In contrast, the defense of the South River Forest illuminates a possible path forward, one that is nascent but nevertheless vital in the present: the fight for life. Everyone defending Atlanta’s South River Forest is acting for both themselves and those who will inherit the land after them. It’s become an existential and also commonsense matter of whether there will be anything but avatars and heat waves for those who come next. For many people, the only human response to watching the video of George Floyd’s murder was to open the door and go outside in the midst of a pandemic and stay-at-home orders to join millions of others in the street. Today, for many, the only human response to attempts to bulldoze the South River Forest and build a landscape of police training and Hollywood film compounds has been to get up and go to the woods.
We live in a time of rapid change and cascading crisis. It’s imperative that we are able to stand back from the noise of each moment and see the present “poly-” or “perma-” crisis as a time of epochal and governmental remodulation. We should be attentive to these changes in narrative and material reality, and be able to understand them when they are incipient rather than already full-blown. Too often, like the Owl of Minerva spreading its wings only with the falling of dusk, we only see the walls that have been erected around us once they’re already cemented in stone.
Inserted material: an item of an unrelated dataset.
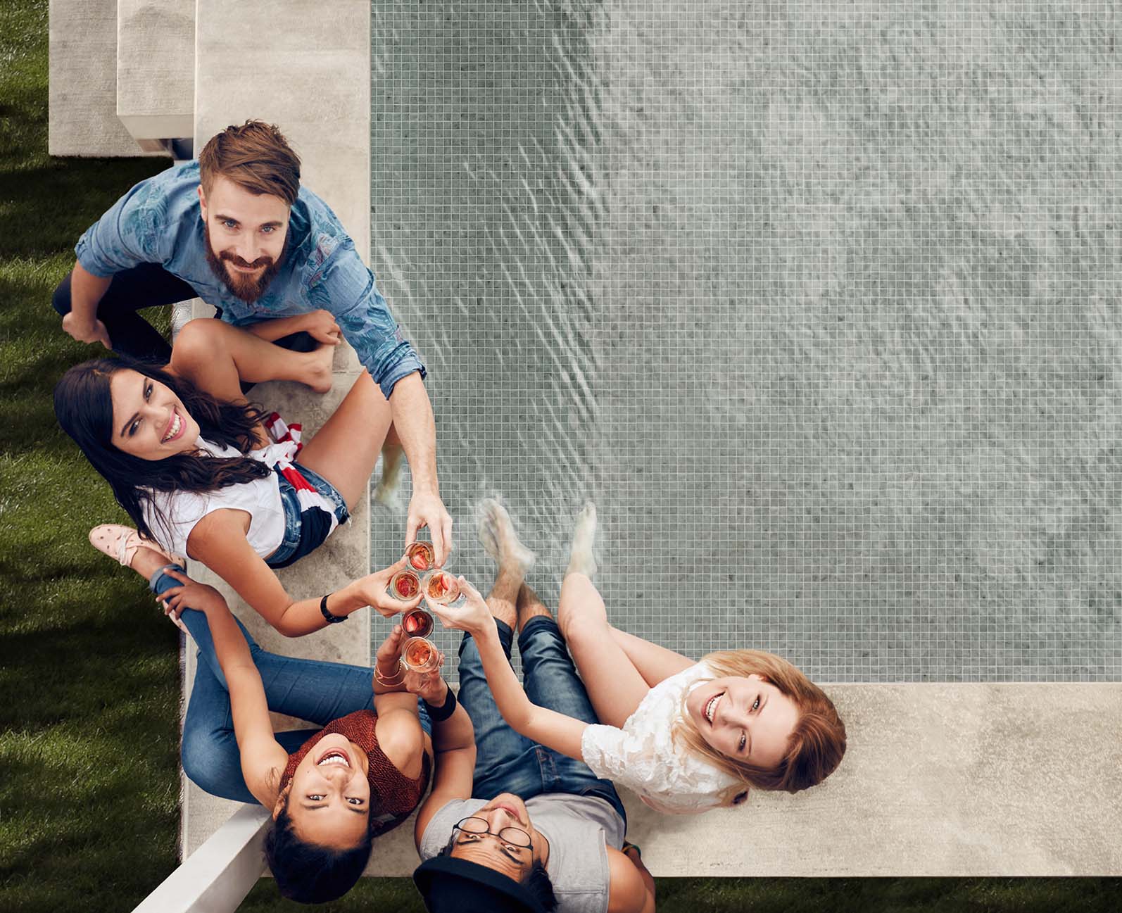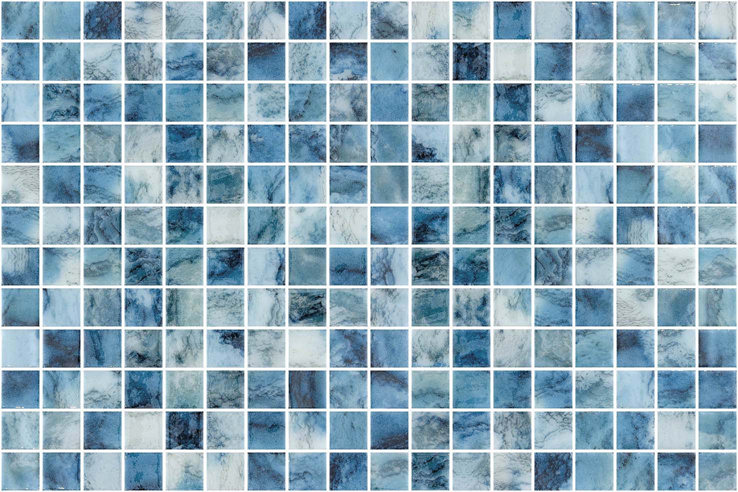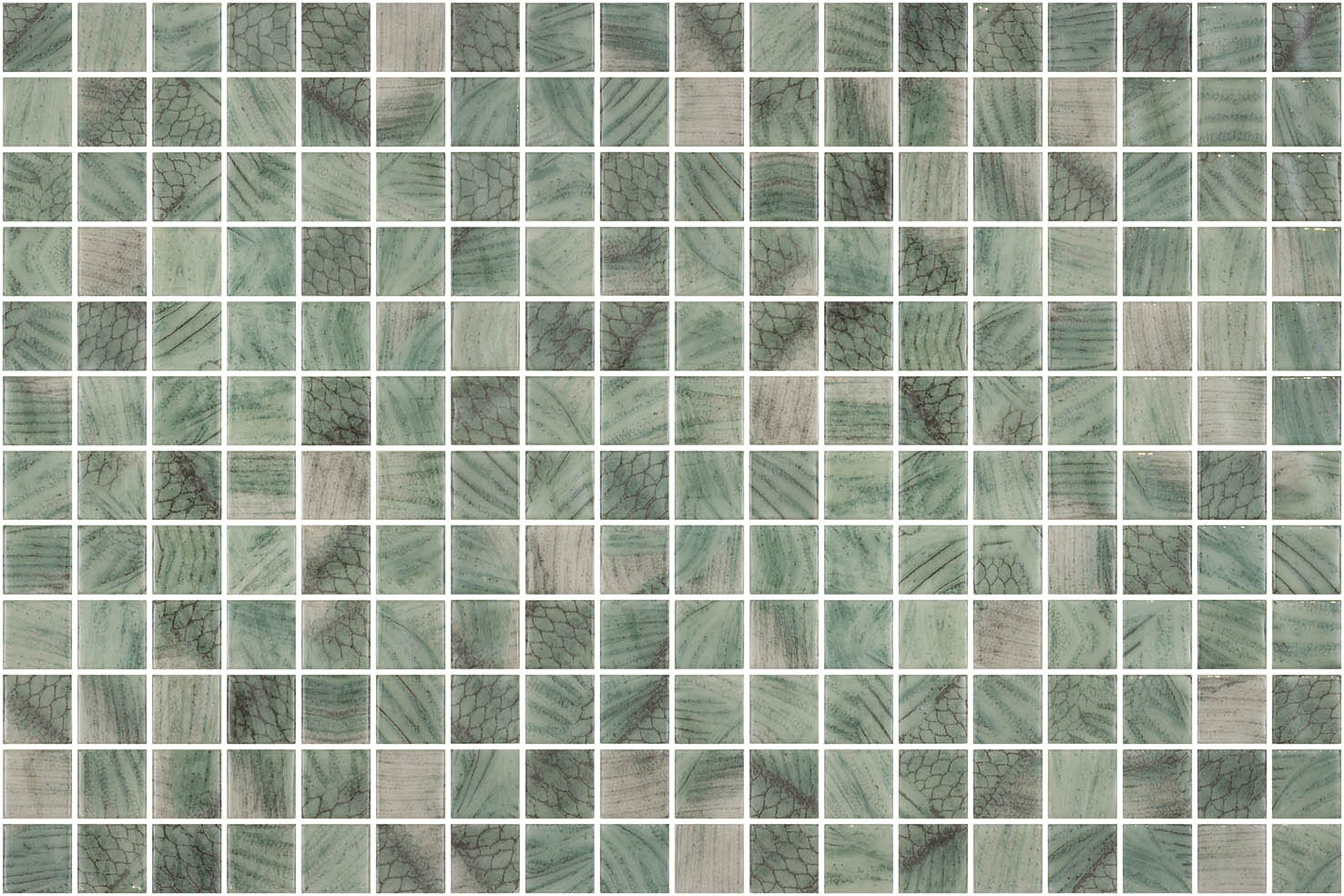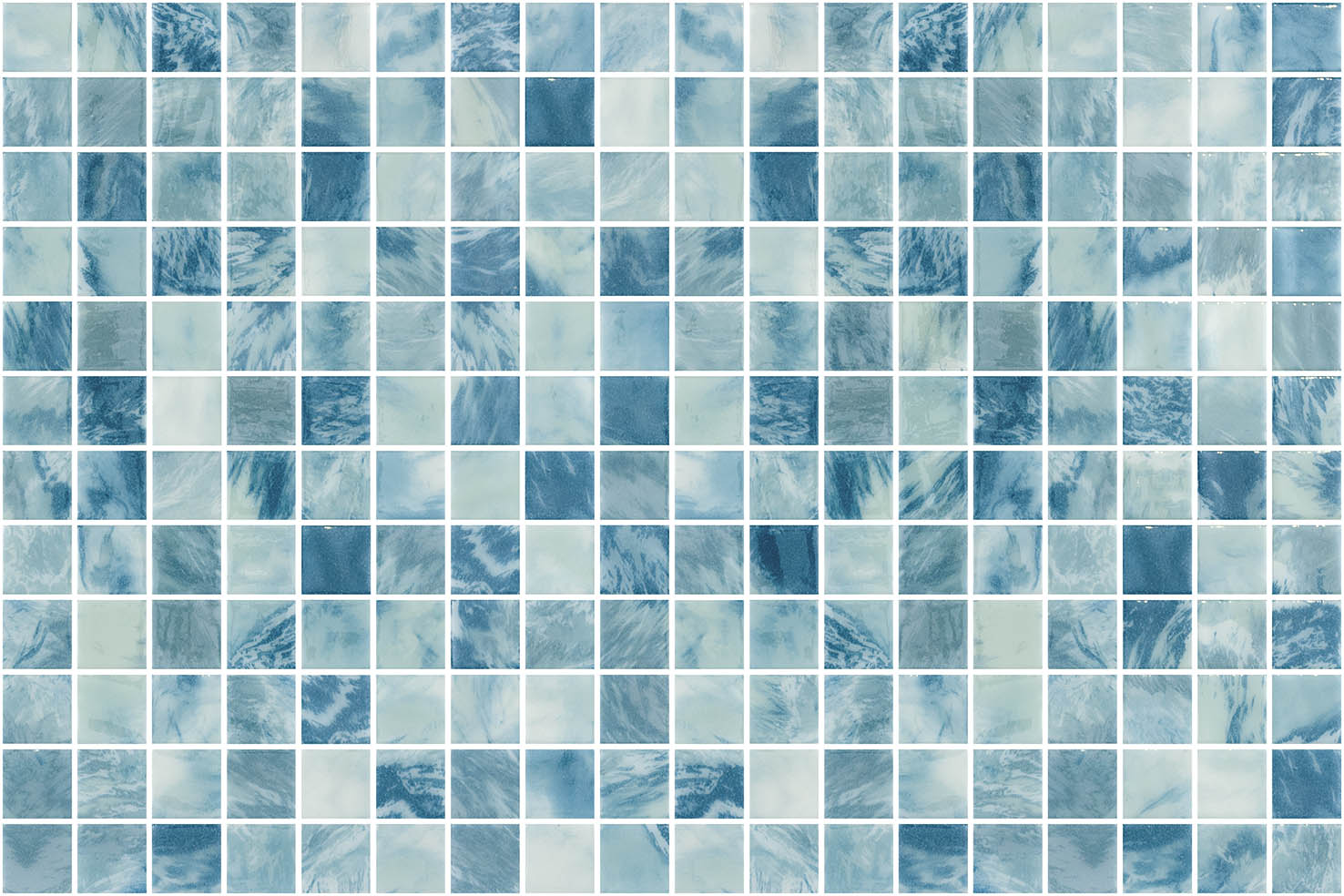 Serie de gresite en mosaico vítreo con variaciones de tonos y diferentes gráficas en las teselas ofreciendo mayor riqueza cromática. Ideal para recubrir todo tipo de espacios en zonas húmedas como piscinas, baños (especialmente en la zona de la ducha) o spas.
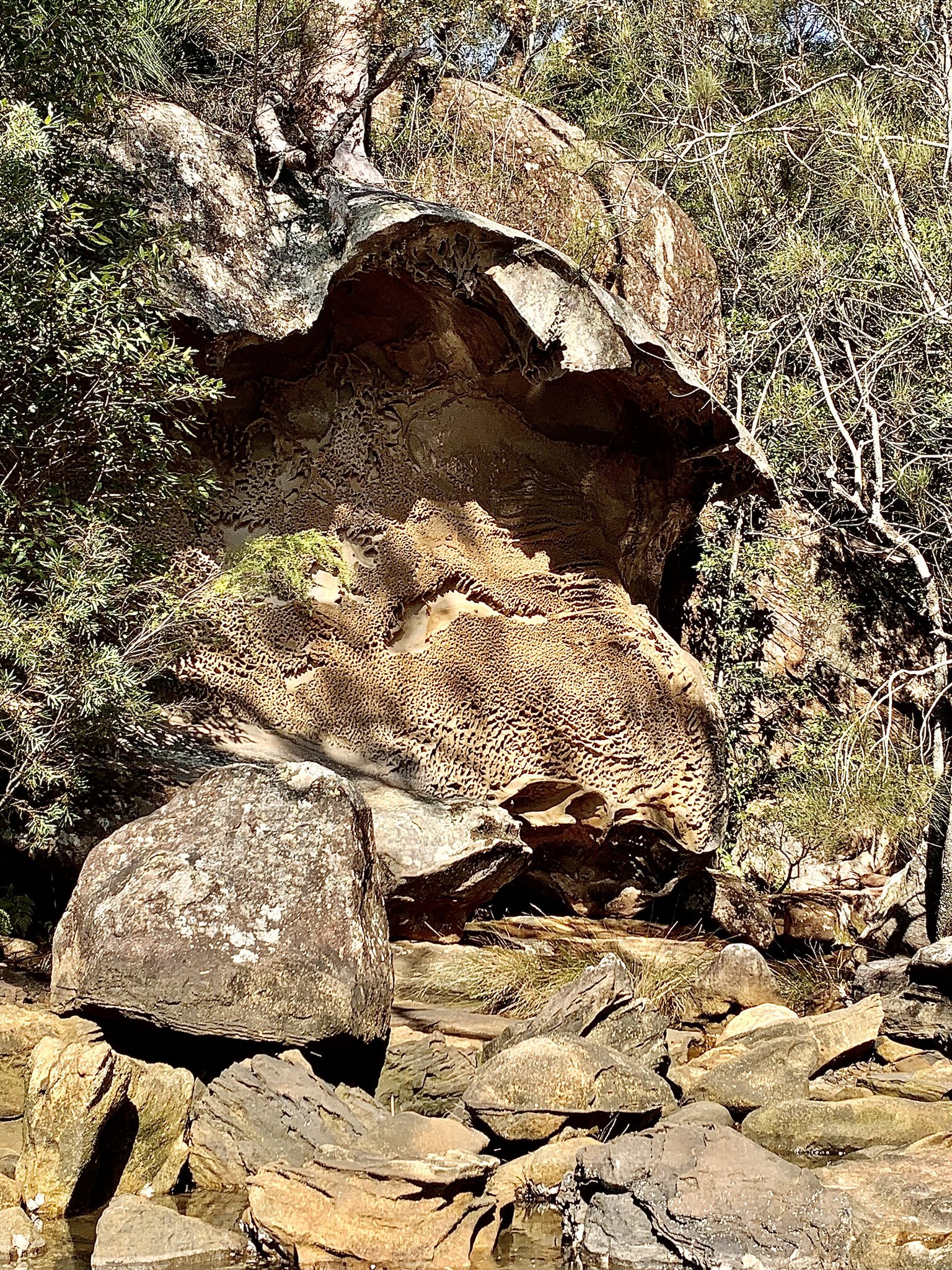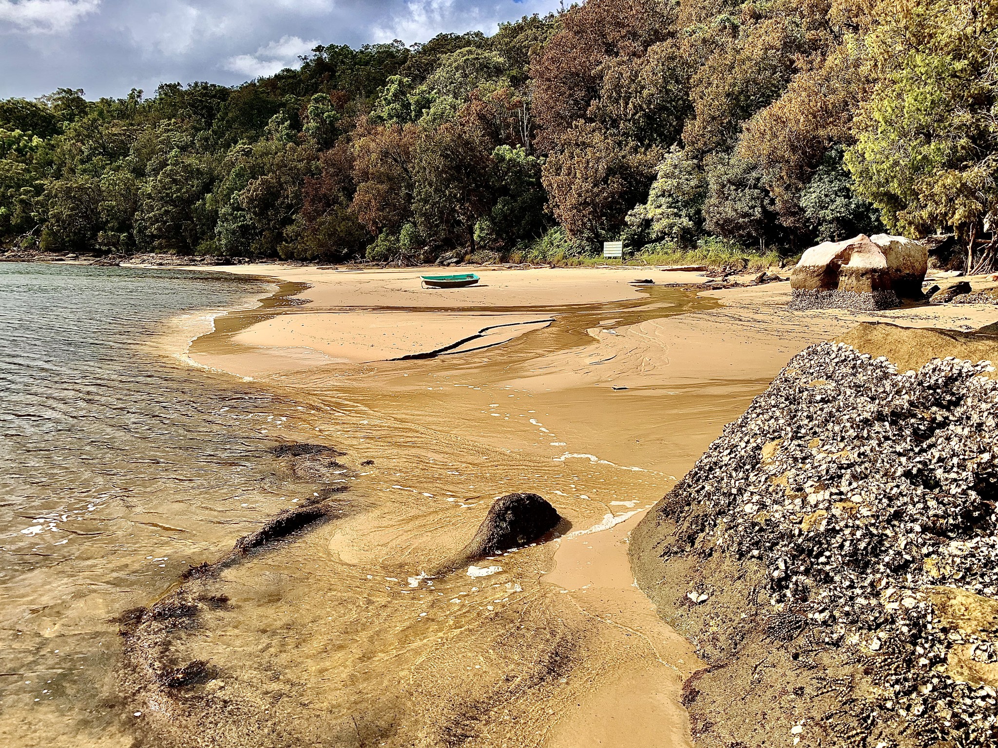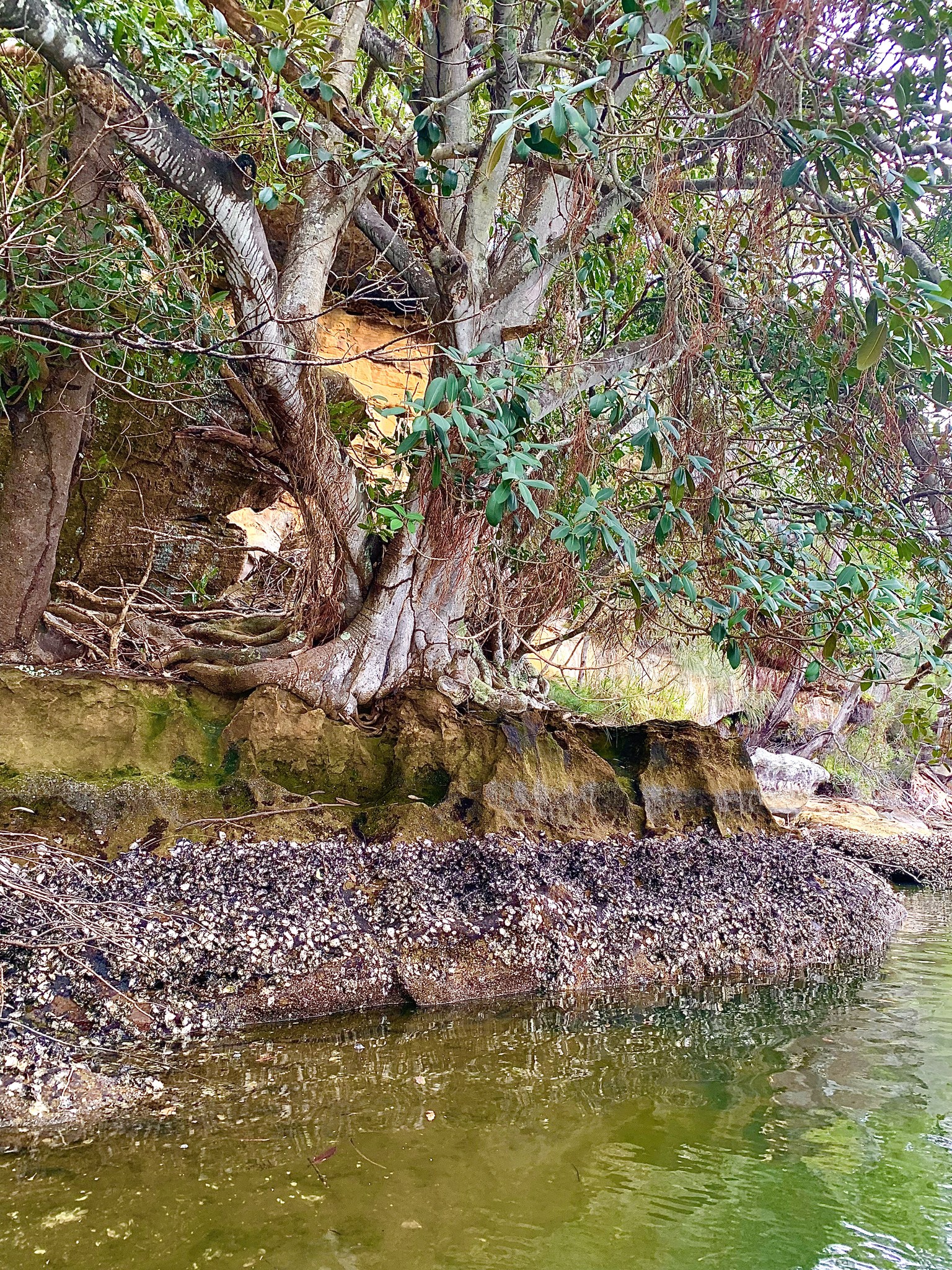 A large Aboriginal midden in Smiths Creek near Snapper Rock Bay:

Perpetually late to the game, power has moved on. The conflict in the Atlanta Forest highlights some of these changes: urban global warming, refuge cities, cities as labs where control and extraction are being recalibrated. But it also points to the need for people (whoever they are, wherever they are) to be as innovative and ready to use the present as an opportunity to experiment freely with new forms of thought, strategy, and life. “Stop the Metaverse, Save the Real World”—inscribed on a banner tied between two loblolly pines in the South River Forest— are the philosophical and political stakes of our time.